What to consider from our findings from bench side to bed side? Case series on 68Ga-PSMA targeted PET imaging in RCC patients showed encouraging results for ccRCC in detecting metastatic lesions that were not revealed in conventional imaging (30, 36; Reviews: 37, 38). In pRCC patients, however, 68GA- PSMA-PET-PET CT did not detect additional metastases compared to conventional imaging modalities 39. SUVmax in pRCC was also reported to be lower than in other RCC types. As sample sizes were small (number of pRCC patients between 1-3 patients) results were discussed not to be representative 39. The missing expression of PSMA as reported for the PANZAR cohort, however, explains that finding well. Larger trials to investigate PSMA hybrid imaging in RCC should probably exclude pRCC.
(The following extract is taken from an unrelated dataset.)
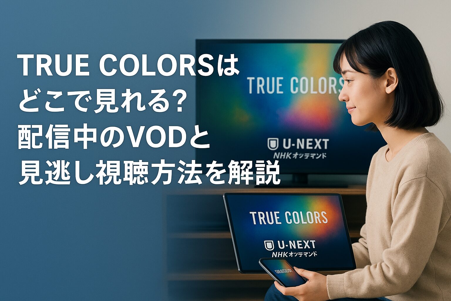 結論から言うと、TRUE COLORSはU-NEXTの「NHKオンデマンド」を利用すれば全話視聴できます。

Therapeutic applications targeting PSMA have found entrance into the treatment of prostate cancer and are currently investigated for other cancer entities 40. Besides Lutetium-177-PSMA or Actinium-225-PSMA radionuclide therapy bispecific antibodies that target PSMA have been investigated in prostate cancer 41. PSMA targeted CAR-T cell therapy might offer an additional treatment option for PSMA positive tumors and probably will enter clinic in the near future 42. However, as for imaging we do not consider PSMA directed therapeutics promising for patients suffering from pRCC.

Conclusions

No relevant PSMA expression and consequently no relevant clinicopathological association with PMSA was detected in the pRCC PANZAR consortium cohort. Based on our data, a prognostic value of PMSA in pRCC is unlikely. Further on, due to missing PSMA expression in pRCC our findings point out that neither in pRCC type 1 nor type 2 PSMA targeted PET imaging or PMSA targeted therapeutical approaches seem to be reasonable. Whether PSMA targeted PET imaging and treatment modalities might expand the diagnostic and therapeutic landscape in other RCC subtypes needs to be further elucidated.